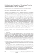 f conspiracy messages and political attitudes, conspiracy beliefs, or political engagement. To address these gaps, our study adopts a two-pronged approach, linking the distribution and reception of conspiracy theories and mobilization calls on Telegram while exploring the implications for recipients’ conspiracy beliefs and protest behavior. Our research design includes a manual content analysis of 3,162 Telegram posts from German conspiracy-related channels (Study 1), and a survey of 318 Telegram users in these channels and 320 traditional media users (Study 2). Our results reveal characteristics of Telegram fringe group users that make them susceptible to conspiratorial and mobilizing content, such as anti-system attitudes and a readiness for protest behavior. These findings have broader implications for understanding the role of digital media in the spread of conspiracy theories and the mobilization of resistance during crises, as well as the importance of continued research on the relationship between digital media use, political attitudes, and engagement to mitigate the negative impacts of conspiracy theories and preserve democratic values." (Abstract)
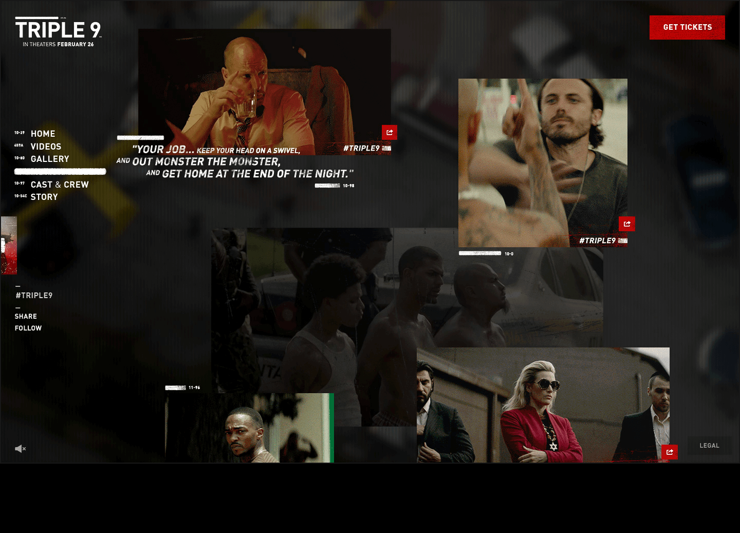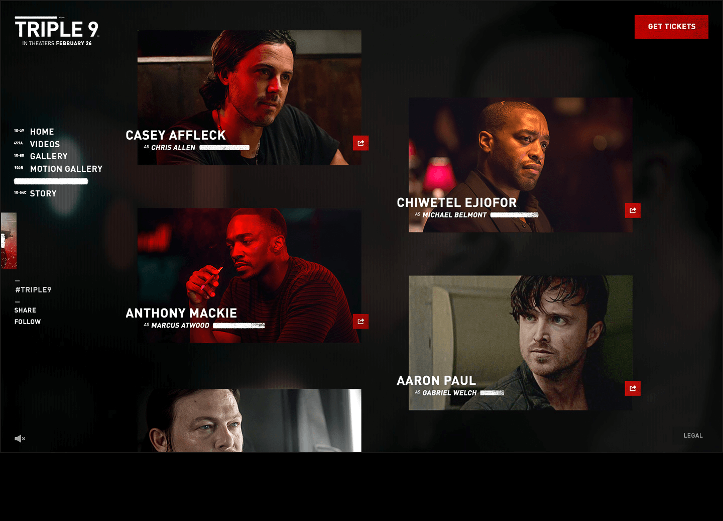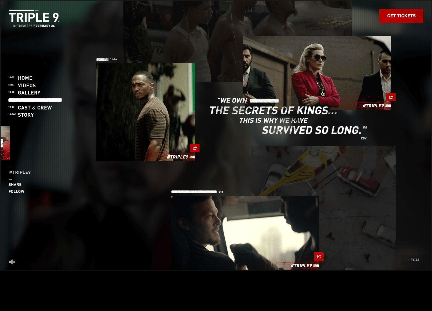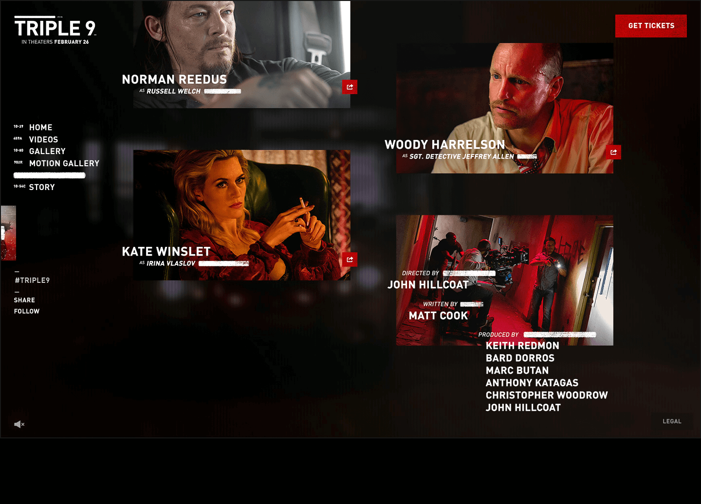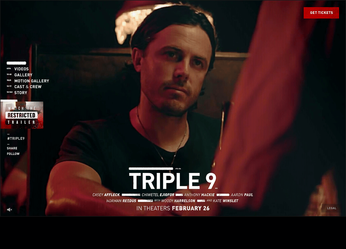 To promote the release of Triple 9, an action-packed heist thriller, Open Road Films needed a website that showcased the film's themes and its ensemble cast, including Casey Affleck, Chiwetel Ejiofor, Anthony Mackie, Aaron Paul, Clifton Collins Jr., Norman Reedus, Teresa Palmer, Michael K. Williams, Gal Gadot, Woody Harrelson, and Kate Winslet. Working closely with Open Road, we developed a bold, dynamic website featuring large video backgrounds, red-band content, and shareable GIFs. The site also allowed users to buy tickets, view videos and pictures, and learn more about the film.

==

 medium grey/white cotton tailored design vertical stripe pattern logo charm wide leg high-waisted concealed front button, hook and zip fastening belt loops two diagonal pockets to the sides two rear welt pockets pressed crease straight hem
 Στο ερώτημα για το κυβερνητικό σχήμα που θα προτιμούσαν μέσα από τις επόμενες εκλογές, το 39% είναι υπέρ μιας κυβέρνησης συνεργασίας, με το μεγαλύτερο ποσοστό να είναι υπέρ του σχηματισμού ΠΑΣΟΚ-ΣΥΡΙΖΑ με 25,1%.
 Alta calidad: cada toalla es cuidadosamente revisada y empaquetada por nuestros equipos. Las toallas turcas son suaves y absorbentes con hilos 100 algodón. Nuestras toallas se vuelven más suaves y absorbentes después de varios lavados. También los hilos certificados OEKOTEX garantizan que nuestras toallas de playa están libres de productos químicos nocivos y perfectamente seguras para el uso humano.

■ Exercise directions
Starting with the line above that holds "medium grey/white cotton" and stopping with the line that holds "Alta calidad: cada", reproduce each line exactly, omitting all other lines.

■ Task response
 medium grey/white cotton tailored design vertical stripe pattern logo charm wide leg high-waisted concealed front button, hook and zip fastening belt loops two diagonal pockets to the sides two rear welt pockets pressed crease straight hem
 Στο ερώτημα για το κυβερνητικό σχήμα που θα προτιμούσαν μέσα από τις επόμενες εκλογές, το 39% είναι υπέρ μιας κυβέρνησης συνεργασίας, με το μεγαλύτερο ποσοστό να είναι υπέρ του σχηματισμού ΠΑΣΟΚ-ΣΥΡΙΖΑ με 25,1%.
 Alta calidad: cada toalla es cuidadosamente revisada y empaquetada por nuestros equipos. Las toallas turcas son suaves y absorbentes con hilos 100 algodón. Nuestras toallas se vuelven más suaves y absorbentes después de varios lavados. También los hilos certificados OEKOTEX garantizan que nuestras toallas de playa están libres de productos químicos nocivos y perfectamente seguras para el uso humano.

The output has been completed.